• **EXERCISE DETAILS**
What is needed is an exact reproduction of the lines in the records below, starting at the line with "Accumule des points, débloque" and ending at the line with "Стены. В зависимости", both included, and nothing else; pictures stay out.

• **GIVEN DATA**
------------------------------------

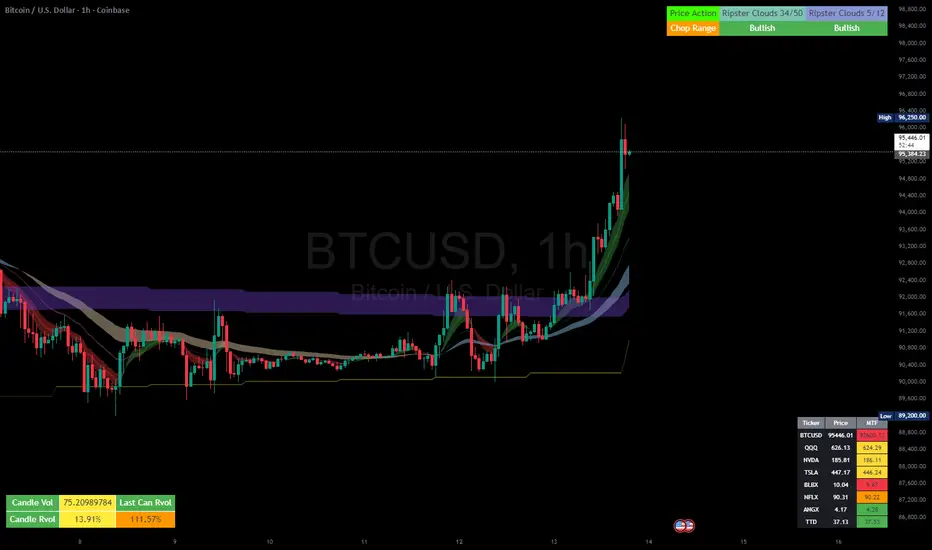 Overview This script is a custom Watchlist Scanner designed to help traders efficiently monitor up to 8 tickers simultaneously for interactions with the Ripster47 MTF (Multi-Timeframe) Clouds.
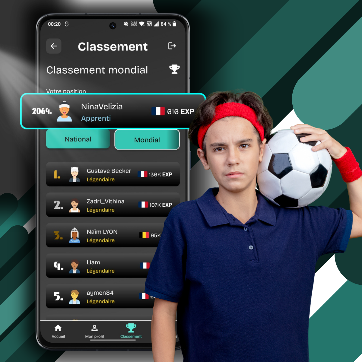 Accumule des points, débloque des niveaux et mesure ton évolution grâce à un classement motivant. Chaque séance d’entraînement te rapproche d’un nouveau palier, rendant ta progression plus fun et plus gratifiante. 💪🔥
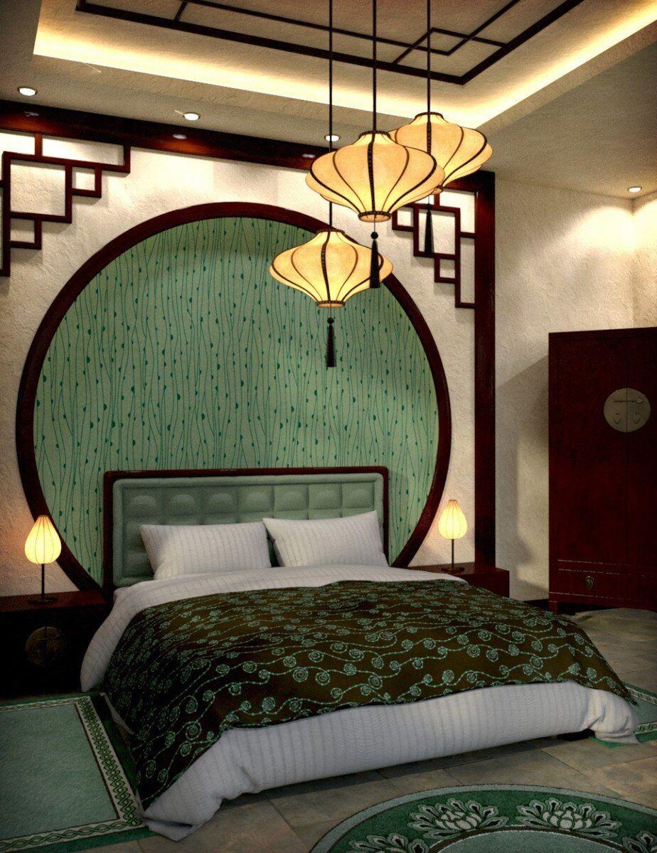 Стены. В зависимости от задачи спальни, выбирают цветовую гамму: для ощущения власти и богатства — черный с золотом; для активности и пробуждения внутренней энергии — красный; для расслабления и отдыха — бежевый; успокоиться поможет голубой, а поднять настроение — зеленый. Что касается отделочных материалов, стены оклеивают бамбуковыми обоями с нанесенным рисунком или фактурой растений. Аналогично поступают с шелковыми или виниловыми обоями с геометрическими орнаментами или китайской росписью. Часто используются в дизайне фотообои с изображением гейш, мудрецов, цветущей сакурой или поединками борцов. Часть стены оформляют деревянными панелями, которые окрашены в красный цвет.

------------------------------------

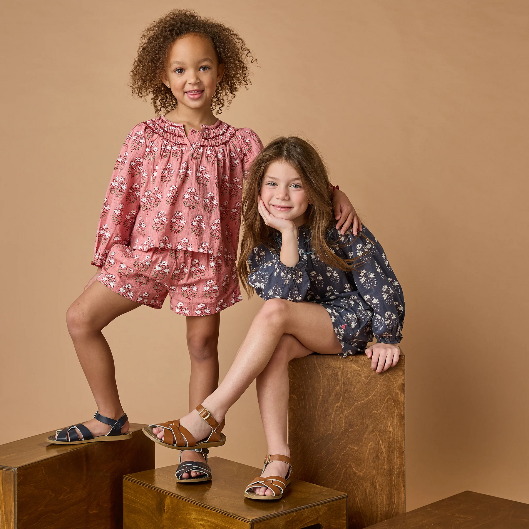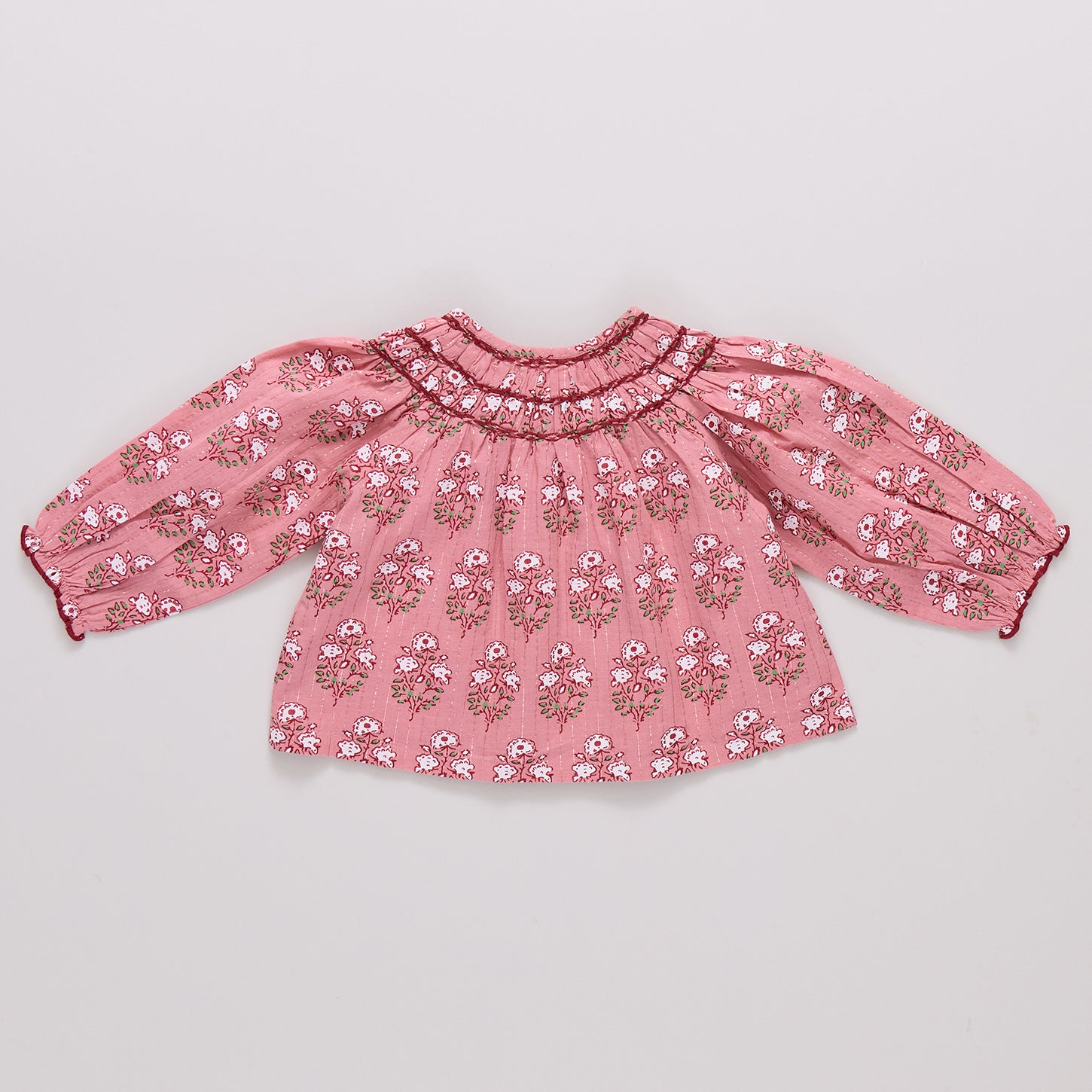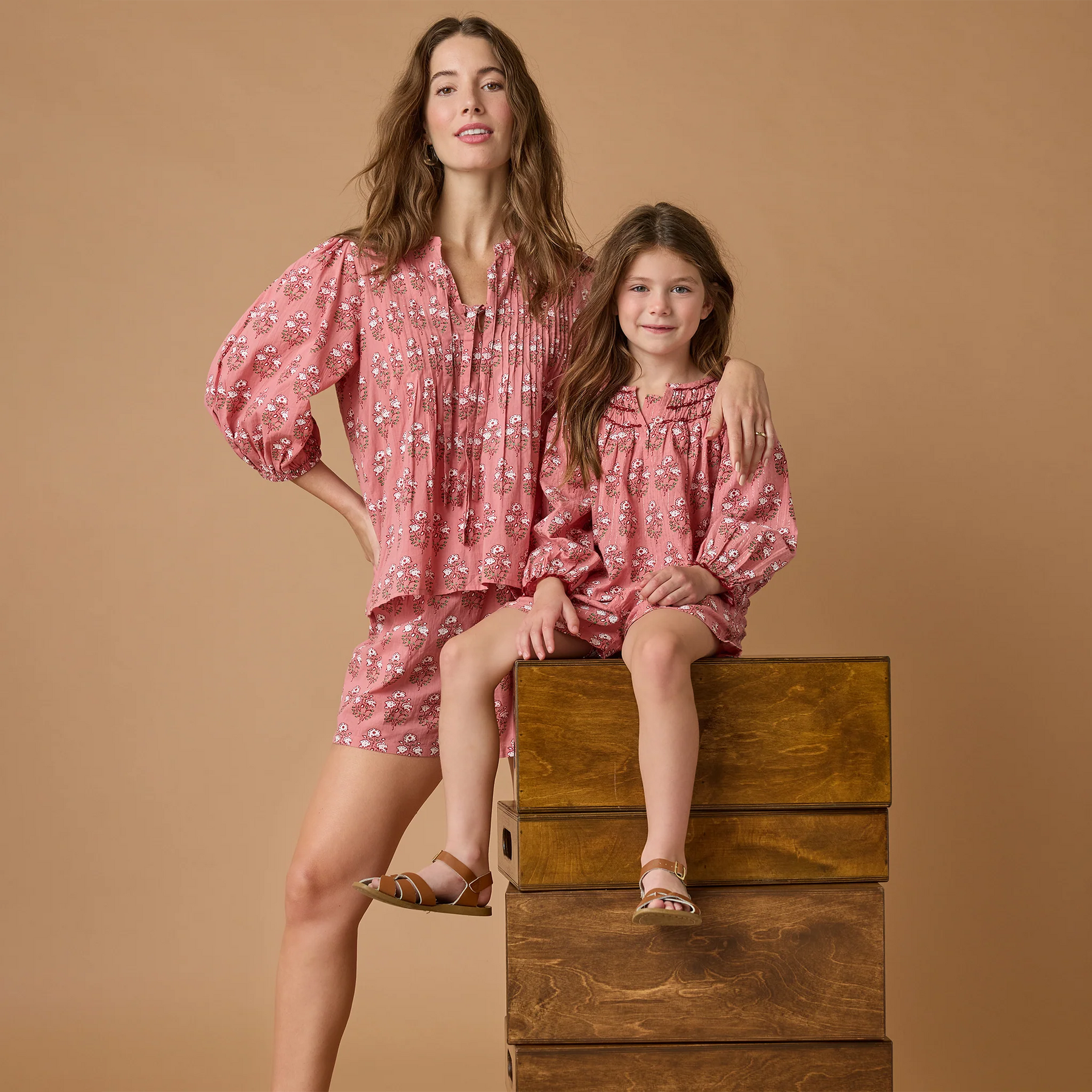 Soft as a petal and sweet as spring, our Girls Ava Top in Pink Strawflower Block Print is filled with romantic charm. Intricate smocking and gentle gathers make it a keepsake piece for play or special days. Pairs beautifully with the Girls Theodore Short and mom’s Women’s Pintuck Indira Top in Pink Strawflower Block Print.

------------------------------------

• **SOLUTION**
 Accumule des points, débloque des niveaux et mesure ton évolution grâce à un classement motivant. Chaque séance d’entraînement te rapproche d’un nouveau palier, rendant ta progression plus fun et plus gratifiante. 💪🔥
 Стены. В зависимости от задачи спальни, выбирают цветовую гамму: для ощущения власти и богатства — черный с золотом; для активности и пробуждения внутренней энергии — красный; для расслабления и отдыха — бежевый; успокоиться поможет голубой, а поднять настроение — зеленый. Что касается отделочных материалов, стены оклеивают бамбуковыми обоями с нанесенным рисунком или фактурой растений. Аналогично поступают с шелковыми или виниловыми обоями с геометрическими орнаментами или китайской росписью. Часто используются в дизайне фотообои с изображением гейш, мудрецов, цветущей сакурой или поединками борцов. Часть стены оформляют деревянными панелями, которые окрашены в красный цвет.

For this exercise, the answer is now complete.